This is the bulk of the speech I delivered yesterday to the prison staff in Victorville, CA for their black history program.
I am not a history teacher and this is not class. This is black history month and the theme is African-Americans and the civil war. I don’t know how to talk about the civil war without some feeling implicated. Without some feeling victimized and others feeling nothing at all. But implication, victimization or boredom is not my intention. I am a very caring, a very humane storyteller here to tell you in a respectfully brief form a story of African-Americans in the civil war.
The war began in 1861 and ended four years later. One of the catalysts of the civil war was the Dred Scott case. Where Dred Scott sued for his freedom. Lost, then lost, then lost again and won. There were many seemingly complications of this case. Seemingly. Just as there were seemingly complications to the civil war. Seemingly.
Some would ask why African-Americans would fight in the civil war. Why would men who were slaves, former slaves, free African-American men, fight in a war in a country that had not allowed him to read, had declared him 3/5ths a man? Frederick Douglass said “Once let the black man get upon his person the brass letters, U.S., let him get an eagle on his button, and a musket on his shoulder and bullets in his pockets, and there is no power on earth which can deny that he has earned right to citizenship in the United States.”
African-Americans were allowed in the war in 1862 however neither white soldiers nor officers believed that African-Americans had the courage to fight and fight well.

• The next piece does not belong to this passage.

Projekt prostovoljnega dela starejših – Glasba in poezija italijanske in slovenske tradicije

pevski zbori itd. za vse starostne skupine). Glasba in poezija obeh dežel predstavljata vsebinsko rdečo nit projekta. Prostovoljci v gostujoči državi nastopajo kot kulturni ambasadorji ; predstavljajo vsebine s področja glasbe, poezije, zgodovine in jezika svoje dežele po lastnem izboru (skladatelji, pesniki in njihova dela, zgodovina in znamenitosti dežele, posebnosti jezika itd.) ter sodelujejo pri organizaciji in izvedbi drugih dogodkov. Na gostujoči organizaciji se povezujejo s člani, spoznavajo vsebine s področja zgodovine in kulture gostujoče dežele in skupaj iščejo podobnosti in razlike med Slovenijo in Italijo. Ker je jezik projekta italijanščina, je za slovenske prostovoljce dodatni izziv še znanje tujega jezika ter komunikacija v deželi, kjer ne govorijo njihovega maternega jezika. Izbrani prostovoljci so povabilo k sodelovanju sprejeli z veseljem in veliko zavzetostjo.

Their critics were silenced in October 1862 when African-American soldiers repulsed an attack of the Confederates at the battle of Island Mound in Missouri.

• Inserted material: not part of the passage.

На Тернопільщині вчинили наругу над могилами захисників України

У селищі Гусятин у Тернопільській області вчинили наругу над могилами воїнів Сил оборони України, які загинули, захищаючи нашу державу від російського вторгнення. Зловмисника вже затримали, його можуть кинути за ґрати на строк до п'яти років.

By August 1863 14 Negro Regiments were in the field and ready for service.
In July 1863 at Honey Springs, Indian Territory, now Oklahoma, the 1st Kansas Colored fought with courage again. Union troops under General James Blunt ran into a strong Confederate force under General Douglas Cooper. After a two-hour bloody engagement, Cooper's soldiers retreated. The 1st Kansas, which had held the center of the Union line, advanced to within fifty paces of the Confederate line and exchanged fire for some twenty minutes until the Confederates broke and ran. General Blunt wrote after the battle, "I never saw such fighting as was done by the Negro regiment....The question that negroes will fight is settled; besides they make better solders in every respect than any troops I have ever had under my command."

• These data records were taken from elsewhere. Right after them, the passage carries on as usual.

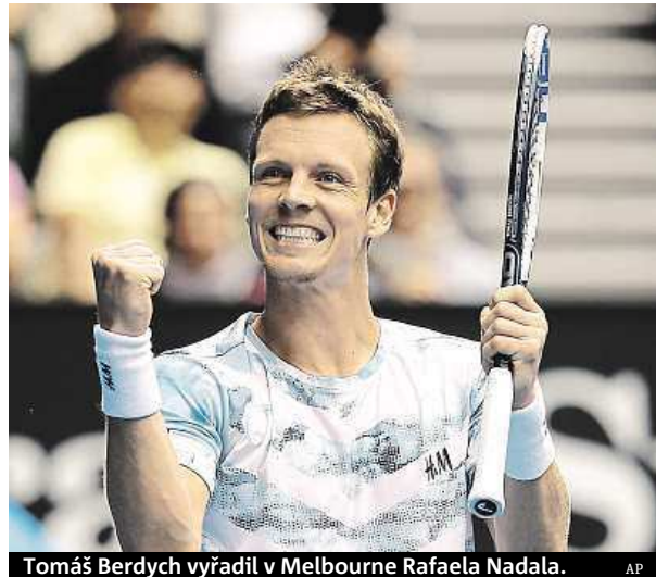
Tomáš Berdych vyřadil v Melbourne Rafaela Nadala.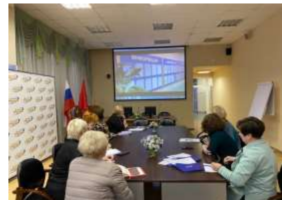
Педагог - Педагог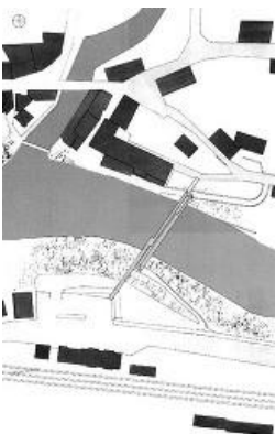
© Marcel Meili, Markus Peter Architekten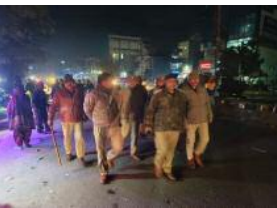
गौतमबुद्धनगर, 13 जनवरी 2026। नोएडा के सेक्टर-22 (चौड़ा क्षेत्र) में विद्युत पोलों पर फैले इंटरनेट तारों के बेतरतीब जाल को लेकर विद्युत विभाग ने कड़ा रुख अपना लिया है। क्षेत्र की सुरक्षा और सुव्यवस्था से खिलावाड़ करने वाली इंटरनेट सेवा प्रदाता कंपनियों पर अब कार्रवाई की तलाश लटक गई है।

नोएडा। पुलिस आयुक्त नोएडा के निर्देशन तथा पुलिस उपायुक्त सेंट्रल नोएडा के पर्यवेक्षण में सहायक पुलिस आयुक्त (क्षेत्र-3) सेंट्रल नोएडा द्वारा पुलिस बल के साथ थाना सूरजपुर क्षेत्र अंतर्गत बाजारों एवं अन्य भीड़-भाड़ वाले स्थानों पर पैदल गश्त की गई। गश्त के दौरान क्षेत्र की सुरक्षा व्यवस्था एवं यातायात व्यवस्था का गहन निरीक्षण किया गया तथा संबंधित अधिकारियों और कर्मचारियों को आवश्यक दिशानिर्देश दिए गए। पुलिस द्वारा आम नागरिकों से संवाद स्थापित कर उन्हें सुरक्षा का भरपूर दिलाया गया और किसी भी संदिग्ध गतिविधि की सूचना तत्काल पुलिस को देने की अपील की गई। पुलिस प्रशासन ने स्पष्ट किया कि कानून-व्यवस्था बनाए रखने एवं अपराधों पर प्रभावी नियंत्रण हेतु इस प्रकार की पैदल गश्त आगे भी नियमित रूप से जारी रहेगी।

Even before that, in 1862 black soldiers proved themselves as reputable soldiers, but discrimination in pay and other areas remained widespread. According to the Militia Act of 1862, soldiers of African descent were to receive $10.00 a month, plus a clothing allowance of $3.50. Many regiments struggled for equal pay, some refusing any money until June 15, 1864, when Congress granted equal pay for all black soldiers.
Again this is not history class. This is black history month where we celebrate and honor men who had the courage to fight in this war. Some were slaves African-American men who fought for the Confederates. Some of those were slaves who were forced to fight, some were offered their freedom (should they come out alive).
Almost 200,000 African-American men fought for the Union Army and still others for the Union Navy. African American soldiers participated in every major campaign of 1864-1865 except Sherman's invasion of Georgia.
I would be here all day giving you the details of the civil war and the contributions of African-Americans. The point that I am trying to briefly make, briefly remind, is that we were there. Our blood was spilled. This is a month where we honor those men. The mothers, wives, children of those men who never came home. And those men who did.
When I was a little girl my uncle used to tell me that the truth is something you have to search for. Perhaps. And sometimes even in your searching you will never see it in black and white print. Sometimes, and my uncle did not say this, I say, that the truth is sometimes something you have to sit with and imagine. Because I may never read in print the actual conversation between an African-American man, a former slave who had experienced all of the brutality of slavery and his wife the eve of the day he was to go into battle. I won’t know what went through his head knowing that it was most likely that he would never return.
I won’t know what it was for a slave to be handed a weapon and forced to fight as a Confederate. In all of my searching, I will never know that. But I can imagine.
And so what I do with all that I imagine is to help my son imagine too. And not just the battles that were won and lost. Not body counts and weapons used. But imagine the courage, the integrity, the dedication. These were our American heroes. And not just ours, as African-American citizens today, but yours too.